[Aim of the exercise] Exact copy, no pictures: set down the lines from the one holding "Du kan angive" through the final line of the records below.

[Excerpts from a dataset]
______

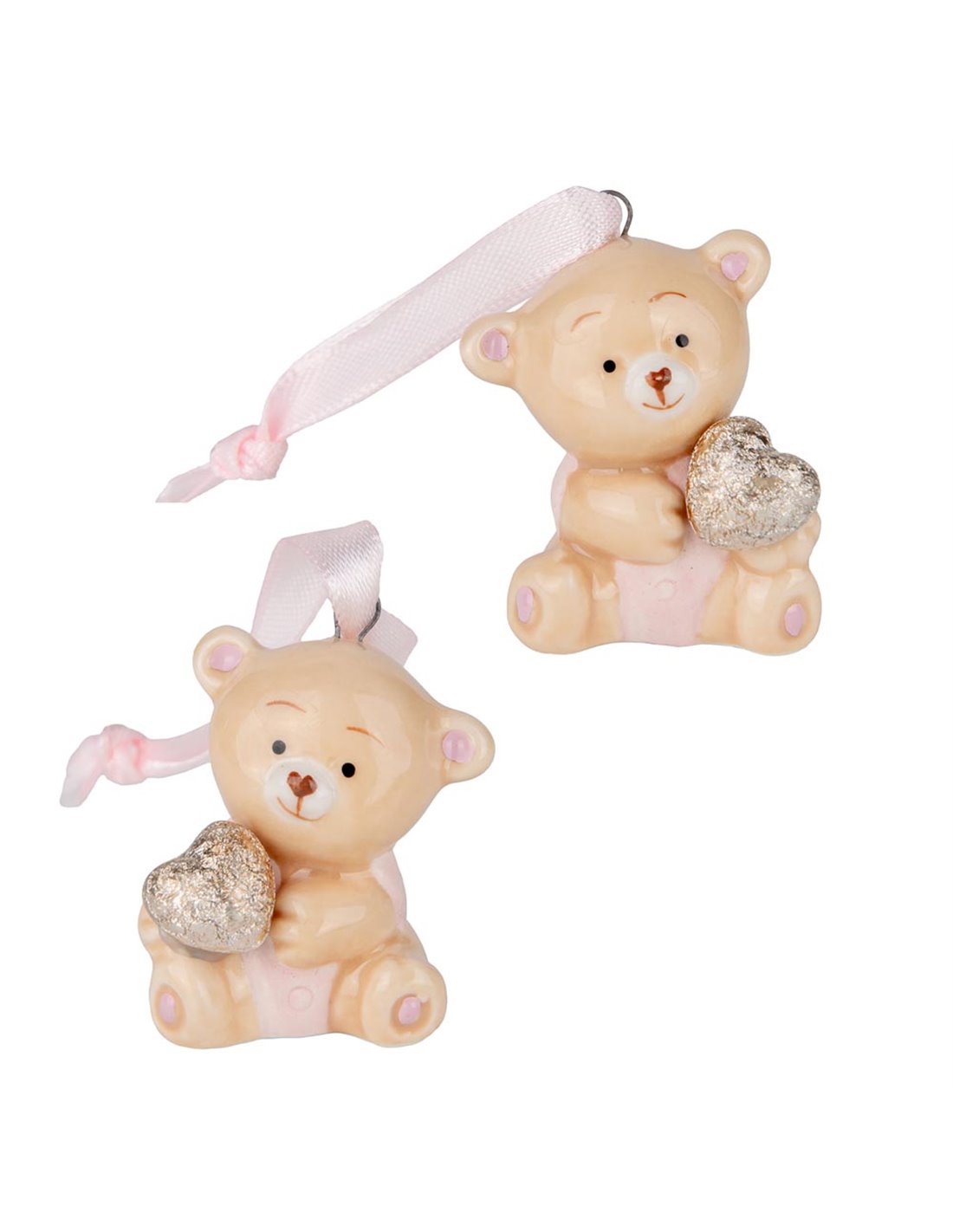 Bomboniera a forma di orsetto rosa da appoggio o da appendere. E' alta 4 cm ed è dotata di box in PVC. Un pensiero piccolo e dolce ideale per un battesimo. Il prezzo si riferisce alla confezione da 2 pezzi.
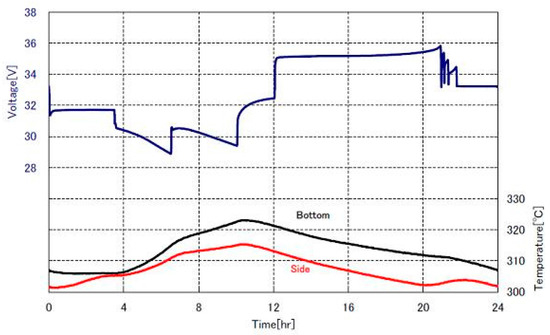 In Figure 9, the voltage and temperature inside a module are shown with reference to the standard cycle shown in Figure 8. With regard to the transient conditions, Figure 10 shows the inversion of the power flow from discharge to charge. It is worth noting that power inversion occurs in about 150 ms which is fully suitable for energy intensive stationary installations in the HV grid. The inversion from charge to discharge has a very similar behaviour.
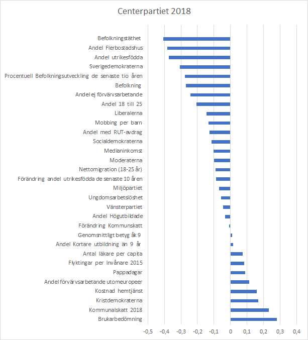 Centerpartiet är starkast i kommuner där man gett ett högt betyg i brukarbedömningen av hemtjänsten, där kommunalskatten är hög och där man i högre grad röstar på Kristdemokraterna. Partiet har ett svagare stöd i kommuner där befolkningstätheten är hög, där det finns en högre andel flerbostadshus, där man har en högre andel utrikesfödda och där fler röstar på Sverigedemokraterna.
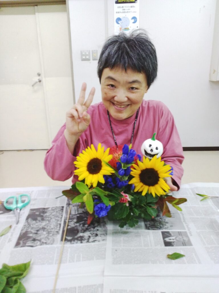 創作活動 2025年10月フラワーアレンジ教室 2025.10.09 花の里フラワーアレンジメント教室は、市内在住の具志堅先生をお迎えし開催しています。具志堅先生はフレンチ、ドイツスタイルを主流としておられます。 今月の花材 ひまわり リンドウ ピンクッション スプレーカーネーション ヒペリカム(葉) ポリシャス(葉) 一覧にもどる
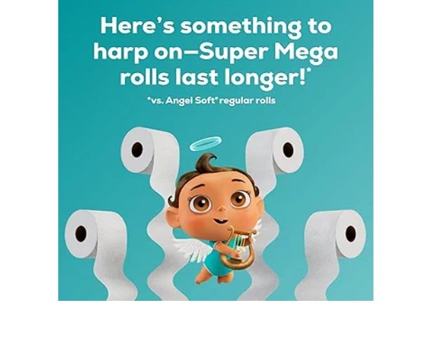 rolls that are 6 times as big as our regular rolls so you can change the roll less often. With 480 2-ply sheets on every Angel Soft® Super Mega Roll, that’s 84 more sheets than the Charmin® Ultra Strong™ Super Mega Roll! Plus, each generously sized roll still fits in most standard bathroom toilet paper holders. And like all your favorite Angel Soft products, our Super Mega Rolls are flushable and septic safe in well-maintained sewer and septic systems. Angel Soft® Toilet Paper. Soft and Strong. Simple.
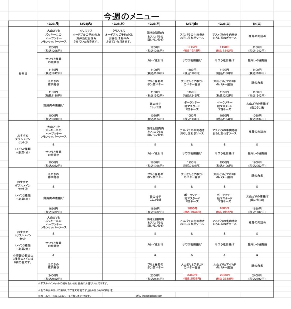 今週のメニュー表をご覧になり、インターネットまたはお電話にてご注文下さい。
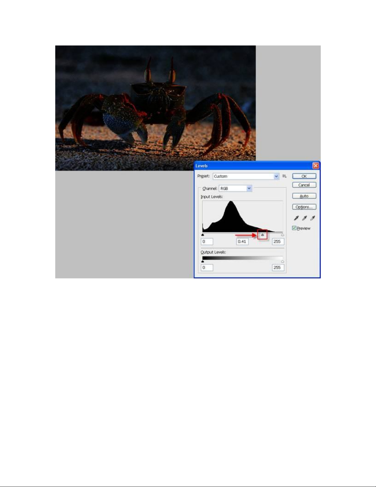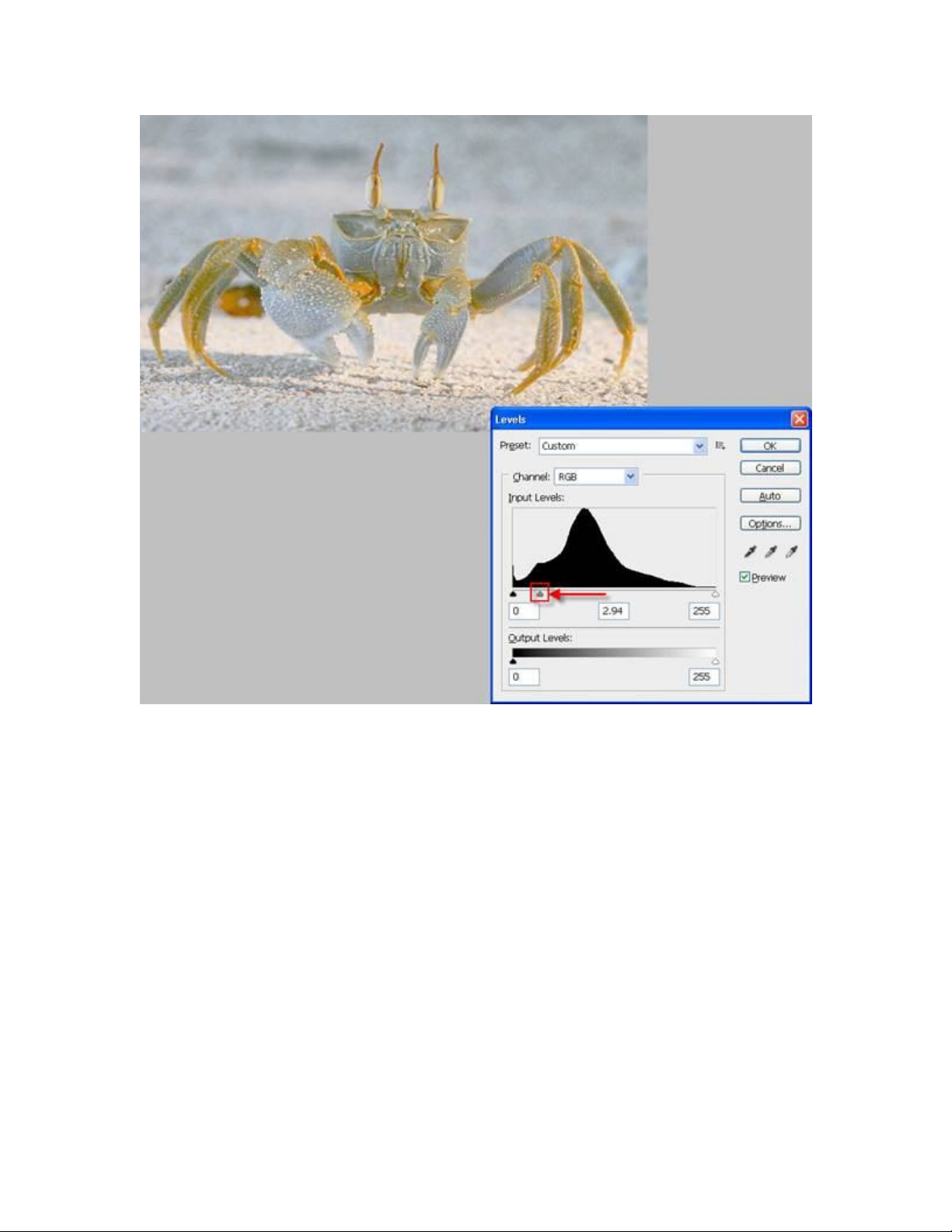 Bước 4: Nhấn Ctrl+L, kéo nút tam giác màu xám qua phải để làm tối hình lại,
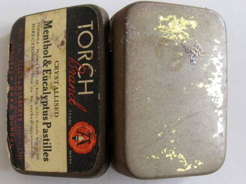 TORCH BRAND : MENTHOL & EUCALUPTUS PASTILLES : TIN - 7.9 X 5.5 X 2 cm : CONGELLA RD, DURBAN
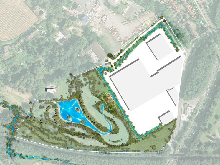 Landschaft planen + bauen erarbeitete die Umsetzung des Landschaftspflegerischen Begleitplanes sowie die Abkopplung des Regenwassers auf dem Firmengelände.
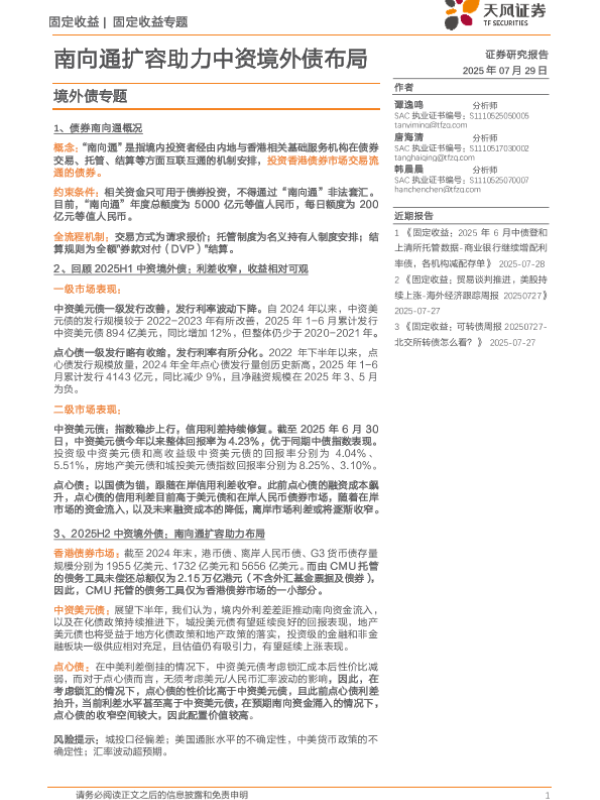 【天风证券】【202507】境外债专题:南向通扩容助力中资境外债布局-35页 证券期货研究报告
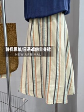 紫藤花蔓。酵洗天然100支苎麻A字中长款半身裙显瘦仙女裙独家自制
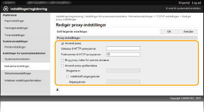 Du kan angive eller ændre adgangskoden for proxygodkendelse, når den er aktiveret, ved at markere afkrydsningsfeltet og indtaste alfanumeriske tegn for den nye adgangskode i tekstfeltet [Adgangskode].
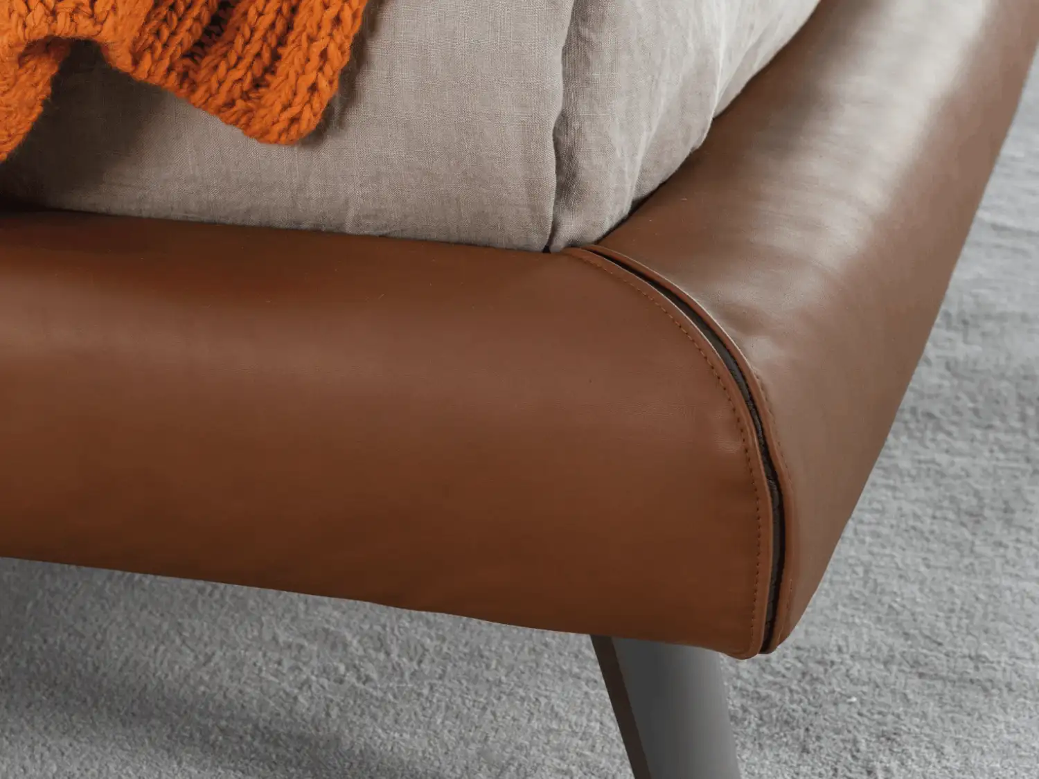 CUFF Super King Bed w/Flexi Slats in CatPonza-A05 Brown w/ CatCapri-L04 Grigio Lthr & Anthracite Foo
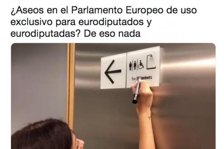 Sira Rego, eurodiputada de Izquierda Unida, ha publicado en su cuenta de Twitter un vídeo en el que se la puede ver modificando el cartel de uno de los aseos del Parlamento Europeo.
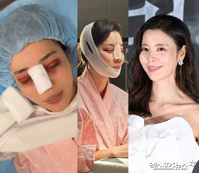 공개된 사진 속 김규리는 얼굴에 붕대를 칭칭 감은 채 퉁퉁 부은 눈으로 거울을 보고 있어 충격을 안긴다.
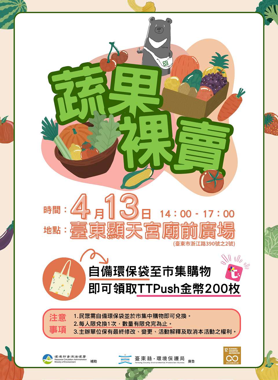 台東縣環保局為推廣源頭減塑、垃圾減量觀念,13日14時至17時舉辦「蔬果裸賣、袋來好運」活動,只要當天攜帶環保袋來台東顯天宮前廣場市集購物,不限金額,即可領取200枚TTPush金幣,限量200份,每人限領取一次,數量有限發完為止。
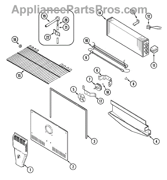This radiant-style defrost heater melts frost from the evaporator during automatic defrost cycles. Replacing a failed heater restores airflow and helps maintain consistent temperatures while preventing ice buildup on the freezer back wall.
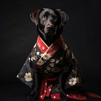 Ontdek de harmonie tussen traditie en de tederheid van een zwarte Labrador Retriever, gehuld in prachtige traditionele oosterse kleding. Dit kunstwerk vangt de unieke mix van culturele rijkdom en dierenliefde op een meesterlijke manier. Een eerbetoon aan zowel trouwe viervoeters als eeuwenoude tradities.
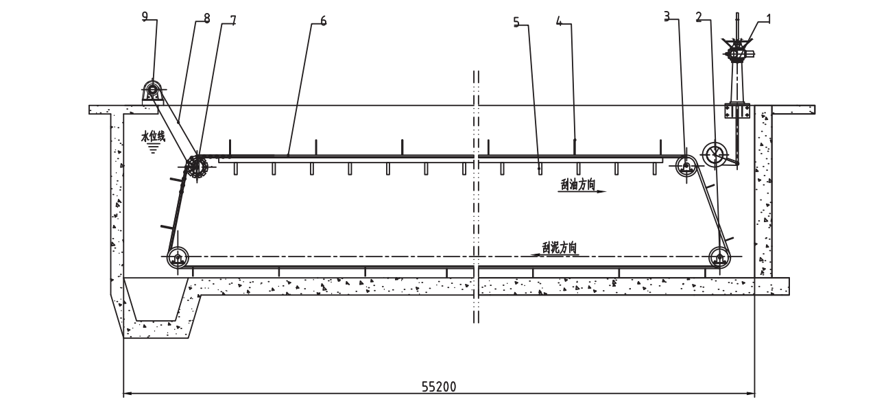 减速驱动装置通过链轮副将动力传递于牵引链带动刮板沿池内上下轨导作定向回转连续运行,运行过程中刮板将池底泥沙、池面油渣不断分别刮集于集泥槽、排渣管排出池外。

______

[Response]
 Du kan angive eller ændre adgangskoden for proxygodkendelse, når den er aktiveret, ved at markere afkrydsningsfeltet og indtaste alfanumeriske tegn for den nye adgangskode i tekstfeltet [Adgangskode].
 CUFF Super King Bed w/Flexi Slats in CatPonza-A05 Brown w/ CatCapri-L04 Grigio Lthr & Anthracite Foo
 Sira Rego, eurodiputada de Izquierda Unida, ha publicado en su cuenta de Twitter un vídeo en el que se la puede ver modificando el cartel de uno de los aseos del Parlamento Europeo.
 공개된 사진 속 김규리는 얼굴에 붕대를 칭칭 감은 채 퉁퉁 부은 눈으로 거울을 보고 있어 충격을 안긴다.
 台東縣環保局為推廣源頭減塑、垃圾減量觀念,13日14時至17時舉辦「蔬果裸賣、袋來好運」活動,只要當天攜帶環保袋來台東顯天宮前廣場市集購物,不限金額,即可領取200枚TTPush金幣,限量200份,每人限領取一次,數量有限發完為止。
This radiant-style defrost heater melts frost from the evaporator during automatic defrost cycles. Replacing a failed heater restores airflow and helps maintain consistent temperatures while preventing ice buildup on the freezer back wall.
 Ontdek de harmonie tussen traditie en de tederheid van een zwarte Labrador Retriever, gehuld in prachtige traditionele oosterse kleding. Dit kunstwerk vangt de unieke mix van culturele rijkdom en dierenliefde op een meesterlijke manier. Een eerbetoon aan zowel trouwe viervoeters als eeuwenoude tradities.
 减速驱动装置通过链轮副将动力传递于牵引链带动刮板沿池内上下轨导作定向回转连续运行,运行过程中刮板将池底泥沙、池面油渣不断分别刮集于集泥槽、排渣管排出池外。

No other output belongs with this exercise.